**TASK STATEMENT:** From the listing below, reproduce exactly the lines starting with the one with "Stick candle holder" and going on through the one with "GNアームズ TYPE-D 三軍合同軍事演習ガチャ景品", both ends kept. No picture is copied.

== SOURCE DATA

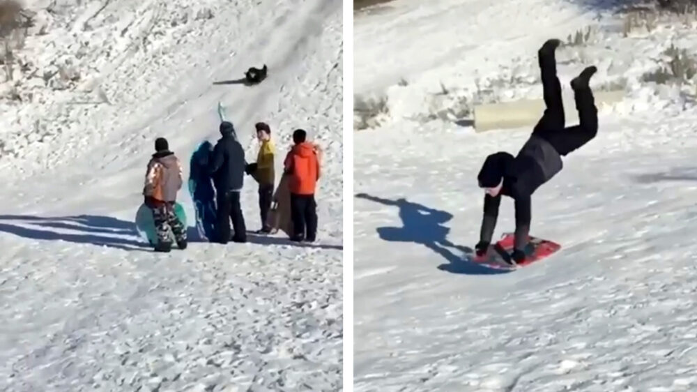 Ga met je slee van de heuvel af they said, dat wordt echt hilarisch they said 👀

====
== SOURCE DATA

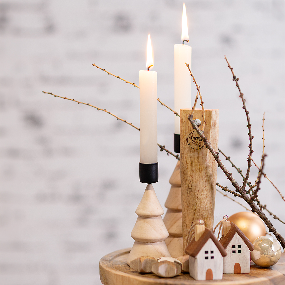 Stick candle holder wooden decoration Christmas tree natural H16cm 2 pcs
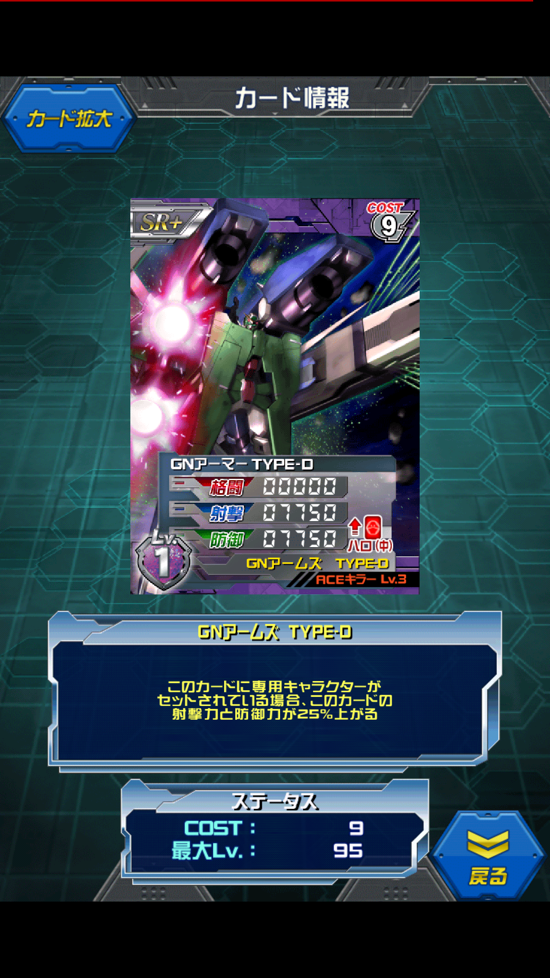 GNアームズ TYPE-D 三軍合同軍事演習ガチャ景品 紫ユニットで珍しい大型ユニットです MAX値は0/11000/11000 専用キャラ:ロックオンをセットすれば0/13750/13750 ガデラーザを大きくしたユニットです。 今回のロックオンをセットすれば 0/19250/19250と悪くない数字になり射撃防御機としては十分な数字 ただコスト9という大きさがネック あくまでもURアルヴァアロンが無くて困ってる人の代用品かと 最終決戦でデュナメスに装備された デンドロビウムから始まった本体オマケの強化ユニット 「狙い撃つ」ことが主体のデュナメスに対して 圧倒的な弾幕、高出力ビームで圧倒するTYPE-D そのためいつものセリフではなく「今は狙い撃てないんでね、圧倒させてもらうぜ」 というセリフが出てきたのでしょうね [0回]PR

====

**FINAL ANSWER:**
 Stick candle holder wooden decoration Christmas tree natural H16cm 2 pcs
 GNアームズ TYPE-D 三軍合同軍事演習ガチャ景品 紫ユニットで珍しい大型ユニットです MAX値は0/11000/11000 専用キャラ:ロックオンをセットすれば0/13750/13750 ガデラーザを大きくしたユニットです。 今回のロックオンをセットすれば 0/19250/19250と悪くない数字になり射撃防御機としては十分な数字 ただコスト9という大きさがネック あくまでもURアルヴァアロンが無くて困ってる人の代用品かと 最終決戦でデュナメスに装備された デンドロビウムから始まった本体オマケの強化ユニット 「狙い撃つ」ことが主体のデュナメスに対して 圧倒的な弾幕、高出力ビームで圧倒するTYPE-D そのためいつものセリフではなく「今は狙い撃てないんでね、圧倒させてもらうぜ」 というセリフが出てきたのでしょうね [0回]PR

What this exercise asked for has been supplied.